机译：应用：用于标签的基于骨干网的近似聚类算法

获取原文

页面导航

摘要
著录项
相似文献
相关主题

摘要

In social annotation systems, users label digital resources by using tags which are freely chosen textual descriptions. Tags are used to index, annotate and retrieve resource as an additional metadata of resource. Poor retrieval performance remains a major problem of most social tagging systems resulting from the severe difficulty of ambiguity, redundancy and less semantic nature of tags. Clustering method is a useful tool to address the aforementioned difficulties. Most of the researches on tag clustering are directly using traditional clustering algorithms such as K-means or Hierarchical Agglomerative Clustering on tagging data, which possess the inherent drawbacks, such as the sensitivity of initialization. In this paper, we instead make use of the approximate backbone of tag clustering results to find out better tag clusters.
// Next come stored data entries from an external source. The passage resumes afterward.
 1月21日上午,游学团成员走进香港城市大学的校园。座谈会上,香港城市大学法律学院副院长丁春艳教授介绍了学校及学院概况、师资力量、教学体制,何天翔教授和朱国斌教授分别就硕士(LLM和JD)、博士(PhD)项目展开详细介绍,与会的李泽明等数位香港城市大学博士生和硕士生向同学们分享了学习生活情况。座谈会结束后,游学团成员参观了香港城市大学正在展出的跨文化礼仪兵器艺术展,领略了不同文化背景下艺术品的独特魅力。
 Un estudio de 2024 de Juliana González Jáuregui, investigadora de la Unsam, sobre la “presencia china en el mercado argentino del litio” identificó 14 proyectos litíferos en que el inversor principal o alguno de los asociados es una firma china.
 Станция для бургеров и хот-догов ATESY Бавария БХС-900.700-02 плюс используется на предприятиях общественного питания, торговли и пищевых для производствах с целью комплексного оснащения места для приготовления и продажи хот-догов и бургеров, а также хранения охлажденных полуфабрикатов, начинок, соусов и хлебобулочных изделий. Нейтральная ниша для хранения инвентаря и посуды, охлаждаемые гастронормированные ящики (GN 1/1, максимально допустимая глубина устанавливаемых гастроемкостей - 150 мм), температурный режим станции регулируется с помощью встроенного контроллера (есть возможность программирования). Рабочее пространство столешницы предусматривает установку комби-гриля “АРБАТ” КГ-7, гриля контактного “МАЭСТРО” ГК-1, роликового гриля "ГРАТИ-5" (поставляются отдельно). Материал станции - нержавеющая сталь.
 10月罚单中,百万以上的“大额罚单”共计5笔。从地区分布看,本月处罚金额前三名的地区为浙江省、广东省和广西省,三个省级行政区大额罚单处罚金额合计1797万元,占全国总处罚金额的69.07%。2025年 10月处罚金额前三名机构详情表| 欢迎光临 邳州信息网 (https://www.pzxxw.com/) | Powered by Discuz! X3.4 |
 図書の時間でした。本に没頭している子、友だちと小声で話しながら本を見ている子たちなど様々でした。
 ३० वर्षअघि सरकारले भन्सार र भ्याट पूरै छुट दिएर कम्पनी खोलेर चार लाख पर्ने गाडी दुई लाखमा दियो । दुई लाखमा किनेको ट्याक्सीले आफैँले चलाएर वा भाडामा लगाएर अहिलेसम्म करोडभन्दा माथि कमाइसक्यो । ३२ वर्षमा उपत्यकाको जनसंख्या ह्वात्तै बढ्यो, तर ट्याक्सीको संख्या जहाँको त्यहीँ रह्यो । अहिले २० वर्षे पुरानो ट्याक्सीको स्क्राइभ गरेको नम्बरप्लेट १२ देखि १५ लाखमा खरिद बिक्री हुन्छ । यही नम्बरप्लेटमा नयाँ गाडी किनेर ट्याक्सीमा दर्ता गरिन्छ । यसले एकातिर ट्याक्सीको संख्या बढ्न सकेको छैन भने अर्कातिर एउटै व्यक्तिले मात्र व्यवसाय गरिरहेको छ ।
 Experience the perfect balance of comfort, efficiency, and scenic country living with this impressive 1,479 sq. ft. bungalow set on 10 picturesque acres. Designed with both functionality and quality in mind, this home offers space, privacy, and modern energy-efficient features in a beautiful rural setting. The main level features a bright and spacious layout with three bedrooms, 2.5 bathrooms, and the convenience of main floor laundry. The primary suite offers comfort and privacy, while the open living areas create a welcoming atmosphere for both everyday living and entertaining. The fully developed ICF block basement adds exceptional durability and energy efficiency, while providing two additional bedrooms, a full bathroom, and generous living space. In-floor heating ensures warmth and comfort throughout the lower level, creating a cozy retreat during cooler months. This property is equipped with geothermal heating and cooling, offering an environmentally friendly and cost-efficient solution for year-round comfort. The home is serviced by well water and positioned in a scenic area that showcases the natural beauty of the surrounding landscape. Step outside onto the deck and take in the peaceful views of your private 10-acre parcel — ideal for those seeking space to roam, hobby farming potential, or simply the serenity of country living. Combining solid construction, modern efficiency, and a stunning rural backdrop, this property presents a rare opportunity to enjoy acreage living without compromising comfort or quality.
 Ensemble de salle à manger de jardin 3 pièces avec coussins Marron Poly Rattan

In particular, we propose an Approximate backbonE-based Clustering algorithm for Tags (APPECT). The main steps of APPECT are: (1) we execute the K-means algorithm on a tag similarity matrix for M times and collect a set of tag clustering results Z={C~1,C~2,...,C~m} (2) we form the approximate backbone of Z by executing a greedy search; (3) we fix the approximate backbone as the initial tag clustering result and then assign the rest tags into the corresponding clusters based on the similarity. Experimental results on three real world datasets namely MedWorm, MovieLens and Dmoz demonstrate the effectiveness and the superiority of the proposed method against the traditional approaches.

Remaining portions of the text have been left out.